We have a spin state described by a time-dependent density matrix [tex]\rho(t) = \frac{1}{2}\left(\mathbf{1}+\mathbf{r}(t)\cdot \mathbf{\sigma} \right)[/tex] Initial condition for the motion is [tex]\mathbf{r} = \mathbf{r}_0[/tex] at [tex]t = 0[/tex]. We are then asked to give a general expression for [tex]\rho(t)[/tex] in terms of the time evolution (TE) operator, and use that to find the time-dependent vector [tex]\mathbf{r}(t)[/tex]. The density matrix expression in terms of the TE operator i got to be [tex]\rho(t) = \mathcal{U}(t)\rho_0 [\mathcal{U}(t)]^{\dagger}[/tex] where [tex]\rho_0 = \rho(t = 0)[/tex]. Now that I'm going to find the time-dependent vector [tex]\mathbf{r}(t)[/tex] I'm having a bit more trouble. I've started with the equation [tex]\rho_0 = \frac{1}{2}\left(\mathbf{1}+\mathbf{r}_0\cdot \mathbf{\sigma} \right)[/tex] let the TE operator and it's adjoint operate on it from the left and right respectively. That has left me with the relation [tex]\mathcal{U}(t) \mathbf{r}_0 \cdot \mathbf{\sigma}[\mathcal{U}(t)]^{\dagger} = \mathbf{r}(t)\cdot \mathbf{\sigma}[/tex] Furthermore, the Hamiltonian for the system is [tex]H = \frac{1}{2}\hbar \omega_c \sigma_z[/tex] So, assuming that I'm on track so far, does anyone have any suggestions as to how I may proceed next? What I tried was to first use Euler's formula to write out the TE operator and its adjoint. Then I expanded the cosine and the sine part separately and found that the cosine part only contains even powers of the exponent, thus making all [tex]\sigma_z[/tex] become unity. For the sine part, which contains only odd powers of the exponent, all powers of [tex]\sigma_z[/tex] are equal to the matrix itself. The problem became when I put all this into the relation I need to solve, as it gave many parts containing [tex]\sigma_z[/tex], [tex]\mathbf{\sigma}[/tex] and/or [tex]\mathbf{r}_0[/tex] multiplied in different orders, and I'm not really sure how to handle that. So, what I need to know is if I'm on the right track, or maybe I'm ignoring something or perhaps there's an easier way to do this that I should look into. Suggestions are appreciated.
In the basis where [itex] \sigma_z [/itex] is diagonal, I would think that the time evolution operator is easily found, because the exponentiation applies directly to the eigenvalues. The TE operator would be diagonal in that basis too. Just a suggestion, I didn't work it out myself.

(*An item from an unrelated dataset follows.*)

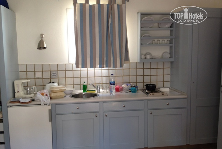 Отель спроектирован в виде греческой деревеньки. Много улочек и 2-3-этажных домиков, в каждом по 4 номера. Все номера, насколько я понял однотипные. У нас был двух-комнатный, но смотрел у других ребят, номера по размерам и наполнению такие же, только без перегородки. В каждом номере вне зависимости от этажа есть совя терасса со столиком и креслами, где удобно и приятно посидеть вечером. Телики маленькие, но рабочие. Интерьер простой, скромный, но в то же время довольно милый. Все чисто, убирали каждый день, на чай оставляли 2 евро. Есть кондиционер, холодильник, кофеварка (не пользовались), тостер, плита, кастрюли, сковордка, посуда. Неплохо в общем. Подавляющее большинство домиков не имеют вида на море. Есть только одна улочка с видом, хотя мы от этого сильно не страдали. Детскую кроватку и даже горшок предоставили без проблем.

Of course! Since [tex]\sigma_z[/tex] is diagonal, when it's the exponential, you just get a the same matrix with each diagonal element exponentiated! Now I finally got an expression for the time dependent vector! It remains, however, to be seen if it's the correct expression. Anyway, thanks for helping me on my way, vanesch. I'll probably be back with more questions though.